The problem: Please set down every line of the records below exactly, without the pictures.

Entries taken from a collection:
━━━━━━━━━━━━━━━━━━━━

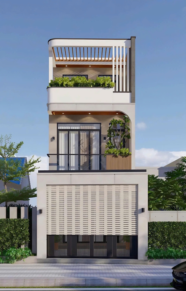 Kiến trúc hiện đại: Đường nét vuông vức, gọn gàng, kết hợp lam gỗ và mảng xanh tinh tế.
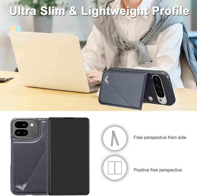 【Viesa】背面カバー ケース手帳型 互換性 Pixel 10 Pro Fold 対応 GOOGLE ランヤード付 背面型ケース(ブラック) 美しい、軽 薄 持ちやすい、滑り止め、すり傷防止マグネット 横置きスタンド機能 財布型 スマホバックカバー ピクセ10プロ フォールド グーグルPixel10profold BLACK
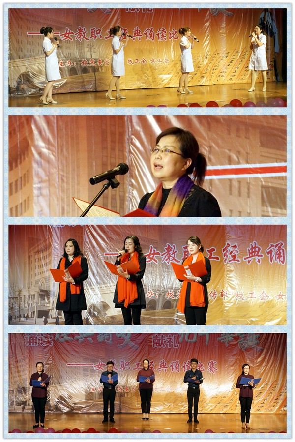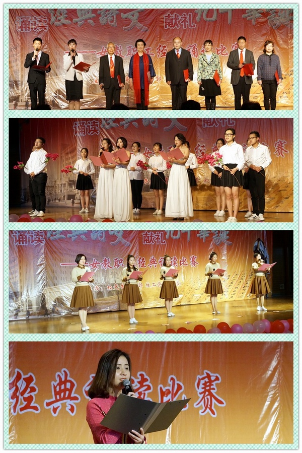 本网讯为学习贯彻党的十九大精神,进一步弘扬民族优秀文化,庆祝我校建校90周年,营造书香校园,3月28日下午,校党委宣传部、工会、女工委在学生活动中心联合举办了“诵读经典诗文 献礼九十华诞”女教职工经典诵读比赛活动。校党委常委、组织部长周旭,宣传部、校工会、团委负责人和各部门工会主席出席了此次活动。
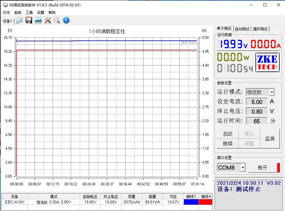 按照額定功率20V 5A 100W滿載對充電器進行穩(wěn)定性測試,測試時間為一小時,測試過程中電壓值呈水平直線,無明顯波動情況,長時間滿載比較穩(wěn)定。
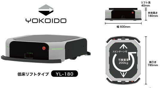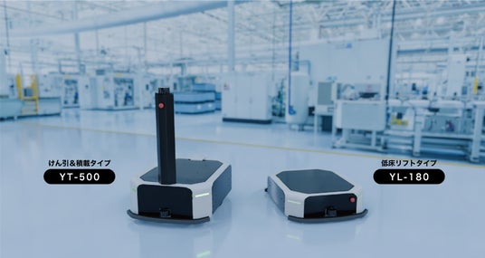 各タイプは多くの現場で使いやすい機能別で分かれており、ひとつは台車の下へ潜り込んで重量物をリフトアップして運ぶ低床型AMR「YL-180」、もうひとつはカゴ台車などと連結して運ぶ、けん引型AMR「YT-500」の2機種および、そのオプション仕様で構成。初回出荷日は8月下旬を予定しています。
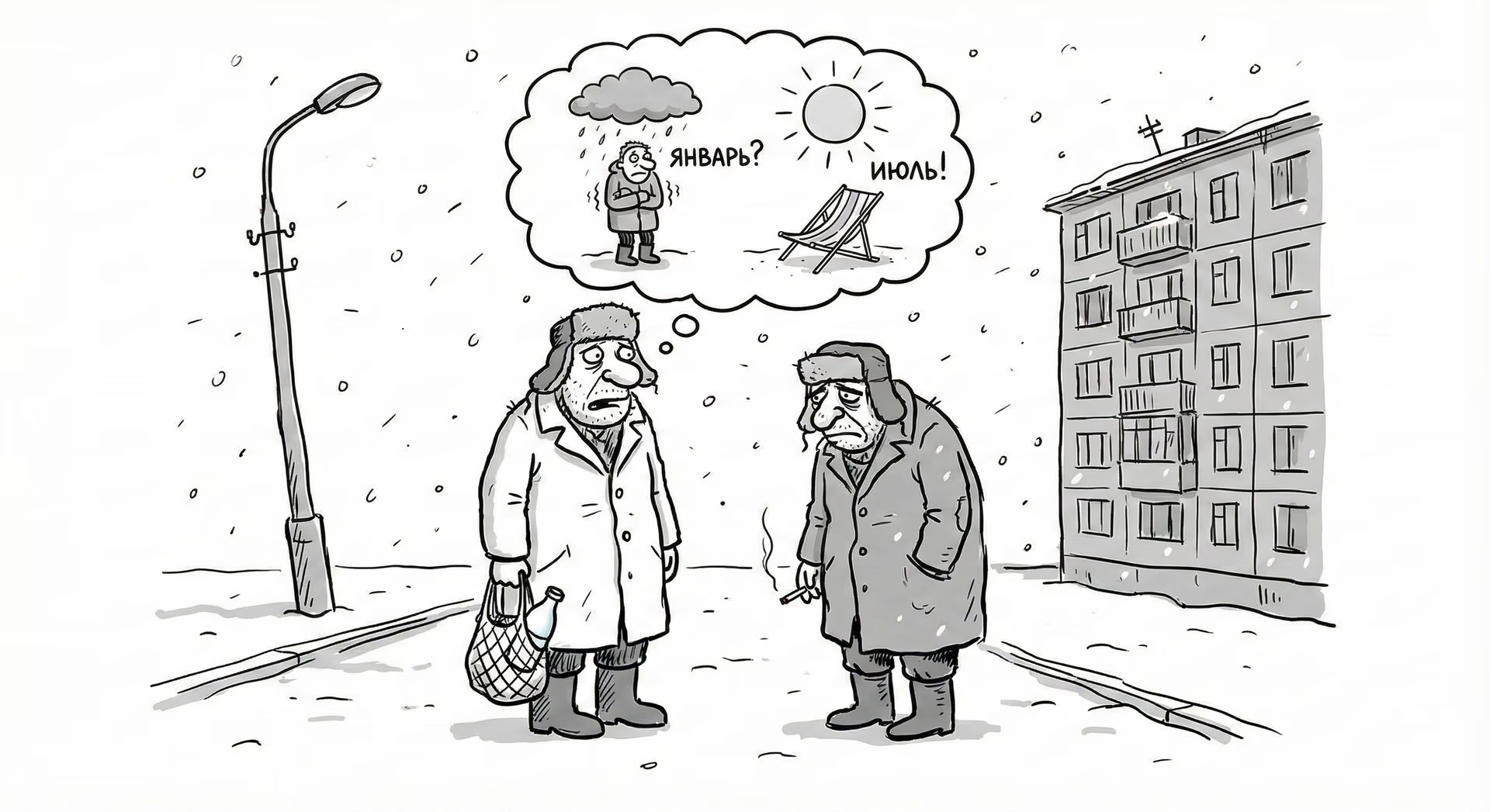 Третьего января я вышел на улицу за кефиром. Мир выглядел так, словно его пожевали и выплюнули. С неба сыпалась какая-то перхоть — не то снег, не то замерзшая тоска. Под ногами хлюпало. У магазина стоял мой сосед, Жора. Он был похож на памятник неизвестному алкоголику: монументален, неподвижен и покрыт инеем.
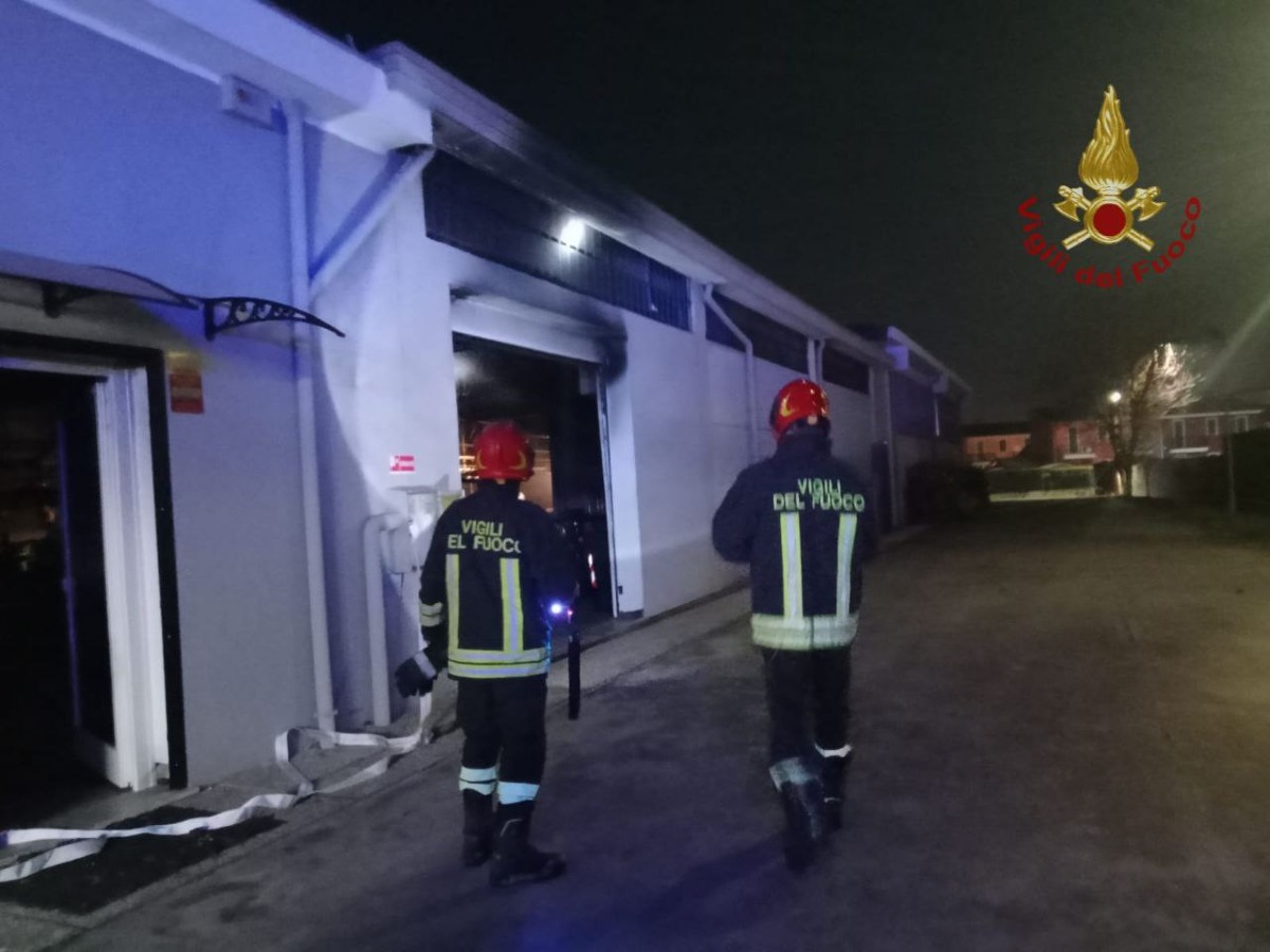 Incendio in un laboratorio tessile a San Martino di Venezze: intervento dei Vigili del Fuoco, operazioni proseguite fino a tarda notte.
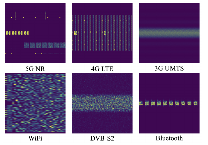所以他们走了另一条路:用仿真软件合成数据。他们用 MATLAB 里符合国际标准的通信工具箱,生成了 6 种主流无线技术的信号,包括 5G NR、4G LTE、3G UMTS、WiFi、蓝牙和卫星通信。
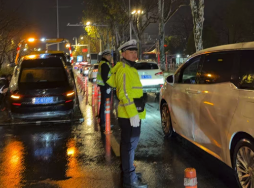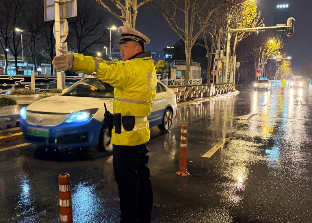 19日晚,在武汉火车站,交警值班保畅。
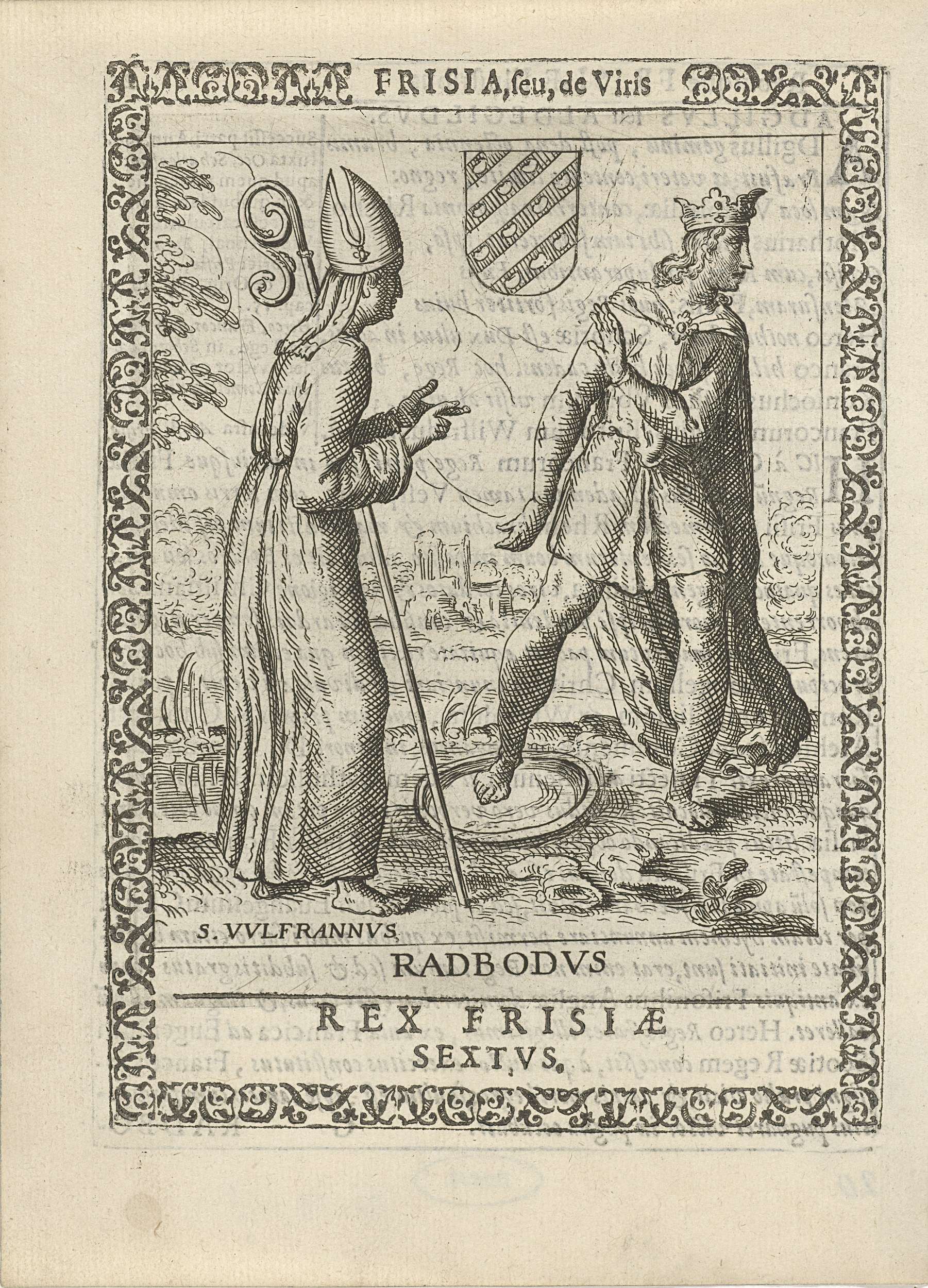 Radbod, zesde koning der Friezen, weigert zich te laten dopen. In een ornamentale omlijsting. Illustratie, met tekst op achterzijde, afkomstig uit het boek: Frisia seu de viris rebusque Frisiae illustribus libri duo.

━━━━━━━━━━━━━━━━━━━━

Reply:
 Kiến trúc hiện đại: Đường nét vuông vức, gọn gàng, kết hợp lam gỗ và mảng xanh tinh tế.
 【Viesa】背面カバー ケース手帳型 互換性 Pixel 10 Pro Fold 対応 GOOGLE ランヤード付 背面型ケース(ブラック) 美しい、軽 薄 持ちやすい、滑り止め、すり傷防止マグネット 横置きスタンド機能 財布型 スマホバックカバー ピクセ10プロ フォールド グーグルPixel10profold BLACK
 本网讯为学习贯彻党的十九大精神,进一步弘扬民族优秀文化,庆祝我校建校90周年,营造书香校园,3月28日下午,校党委宣传部、工会、女工委在学生活动中心联合举办了“诵读经典诗文 献礼九十华诞”女教职工经典诵读比赛活动。校党委常委、组织部长周旭,宣传部、校工会、团委负责人和各部门工会主席出席了此次活动。
 按照額定功率20V 5A 100W滿載對充電器進行穩(wěn)定性測試,測試時間為一小時,測試過程中電壓值呈水平直線,無明顯波動情況,長時間滿載比較穩(wěn)定。
 各タイプは多くの現場で使いやすい機能別で分かれており、ひとつは台車の下へ潜り込んで重量物をリフトアップして運ぶ低床型AMR「YL-180」、もうひとつはカゴ台車などと連結して運ぶ、けん引型AMR「YT-500」の2機種および、そのオプション仕様で構成。初回出荷日は8月下旬を予定しています。
 Третьего января я вышел на улицу за кефиром. Мир выглядел так, словно его пожевали и выплюнули. С неба сыпалась какая-то перхоть — не то снег, не то замерзшая тоска. Под ногами хлюпало. У магазина стоял мой сосед, Жора. Он был похож на памятник неизвестному алкоголику: монументален, неподвижен и покрыт инеем.
 Incendio in un laboratorio tessile a San Martino di Venezze: intervento dei Vigili del Fuoco, operazioni proseguite fino a tarda notte.
所以他们走了另一条路:用仿真软件合成数据。他们用 MATLAB 里符合国际标准的通信工具箱,生成了 6 种主流无线技术的信号,包括 5G NR、4G LTE、3G UMTS、WiFi、蓝牙和卫星通信。
 19日晚,在武汉火车站,交警值班保畅。
 Radbod, zesde koning der Friezen, weigert zich te laten dopen. In een ornamentale omlijsting. Illustratie, met tekst op achterzijde, afkomstig uit het boek: Frisia seu de viris rebusque Frisiae illustribus libri duo.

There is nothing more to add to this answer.